Play parks and soft plays are boring: I thought I’d love the play park but after 500 pushes on the swing, arguments about getting of the swing and some awkward moments with my child and another parent and child on the see-saw, I’ve done my time and want to go. Also see point above, I usually get made to go on something and fall off, or hit myself in the face with a swing, not cool. In the same vein, soft plays are just indoor hell. I see them as indoor germ hell as all the children are in such close proximity, often picking up a toy that someone else’s kid has just been drooling on, yick. Even with back up by way of a friend/family member, you get no time to chat as your child gets stuck in various things, throws something they shouldn’t or tries to pick up someone else’s baby (yes, mine does that!) But, on the same topic farms and slightly larger outdoor equipment ARE fun. Seeing my kids reaction to cows mooing and sheep baaing is priceless and see photo below, outdoor bouncy pillows are awesome!
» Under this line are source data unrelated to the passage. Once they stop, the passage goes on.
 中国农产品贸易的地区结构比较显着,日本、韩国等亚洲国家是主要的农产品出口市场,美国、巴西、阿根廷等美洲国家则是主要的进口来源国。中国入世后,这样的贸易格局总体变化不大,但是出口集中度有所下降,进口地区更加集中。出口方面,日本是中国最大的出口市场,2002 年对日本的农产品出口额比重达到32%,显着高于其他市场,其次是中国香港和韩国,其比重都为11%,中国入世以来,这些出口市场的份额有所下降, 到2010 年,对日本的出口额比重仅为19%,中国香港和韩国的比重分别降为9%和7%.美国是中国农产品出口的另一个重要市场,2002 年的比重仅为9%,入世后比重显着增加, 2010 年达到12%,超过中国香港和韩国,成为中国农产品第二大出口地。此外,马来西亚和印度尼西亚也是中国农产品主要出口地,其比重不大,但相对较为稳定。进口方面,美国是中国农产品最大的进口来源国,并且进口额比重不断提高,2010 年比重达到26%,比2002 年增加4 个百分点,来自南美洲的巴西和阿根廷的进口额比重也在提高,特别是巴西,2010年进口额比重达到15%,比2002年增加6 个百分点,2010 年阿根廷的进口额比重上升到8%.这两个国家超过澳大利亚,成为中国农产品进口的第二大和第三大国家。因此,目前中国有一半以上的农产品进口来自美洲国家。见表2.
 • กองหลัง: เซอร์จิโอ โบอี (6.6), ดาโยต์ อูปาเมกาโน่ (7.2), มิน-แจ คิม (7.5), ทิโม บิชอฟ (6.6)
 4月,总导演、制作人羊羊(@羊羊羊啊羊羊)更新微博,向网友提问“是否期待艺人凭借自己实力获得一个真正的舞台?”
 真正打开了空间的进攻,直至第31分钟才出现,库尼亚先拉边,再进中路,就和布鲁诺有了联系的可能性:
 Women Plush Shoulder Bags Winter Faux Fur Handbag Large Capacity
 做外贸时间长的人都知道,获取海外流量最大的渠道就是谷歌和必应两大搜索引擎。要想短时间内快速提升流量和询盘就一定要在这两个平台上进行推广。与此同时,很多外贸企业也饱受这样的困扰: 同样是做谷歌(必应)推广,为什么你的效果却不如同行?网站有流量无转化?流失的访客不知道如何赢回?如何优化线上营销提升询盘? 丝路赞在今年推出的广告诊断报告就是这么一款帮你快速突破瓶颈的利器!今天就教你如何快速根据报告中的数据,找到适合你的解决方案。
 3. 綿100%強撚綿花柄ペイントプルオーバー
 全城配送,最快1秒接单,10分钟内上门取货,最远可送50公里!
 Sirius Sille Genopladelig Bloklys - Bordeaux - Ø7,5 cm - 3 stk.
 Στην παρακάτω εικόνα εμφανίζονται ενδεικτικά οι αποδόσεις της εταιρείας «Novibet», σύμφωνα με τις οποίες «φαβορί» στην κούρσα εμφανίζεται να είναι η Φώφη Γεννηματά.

Release your inner child! Just don’t do what I did and ping your child off the side of a bouncy pillow, cue awkward retrieval of child face down in sand.
Children can sense weakness: Just like some dogs can sniff out cancer or horses dislike fearful riders, toddlers can sense weakness in adults. And I’m talking about the weakness that adults have with a hangover. That’s right, after a heavy night on the vino, all you want is a day of sofa hugging and perhaps some Disney film watching, surely the kid will be up for that right? No way, this is when mine wants to sit on me, jump on my tummy, perhaps throw in a cheeky hit to the face or even a leg bite, ‘don’t you want to play with Daddy’, I wail, looking to him for help (I get nothing) ‘don’t be so stupid’ the kid says.
And finally, having a child is constantly, hugely emotional: The birth is emotional, tiring and exhausting. Then your baby grows, feeds, sleeps, learns new things and it’s all madly wonderful. Suddenly a year passes and they are one, then two (and so on) but each day or month you will find that you feel new and weirdly strong emotions towards this little human that you grew. It’s crazy weird and I’m still getting to grips with it to be honest but each and every day, oh I feel those heart strings tugged in one way or another because of this little person and it’s amazing, fact.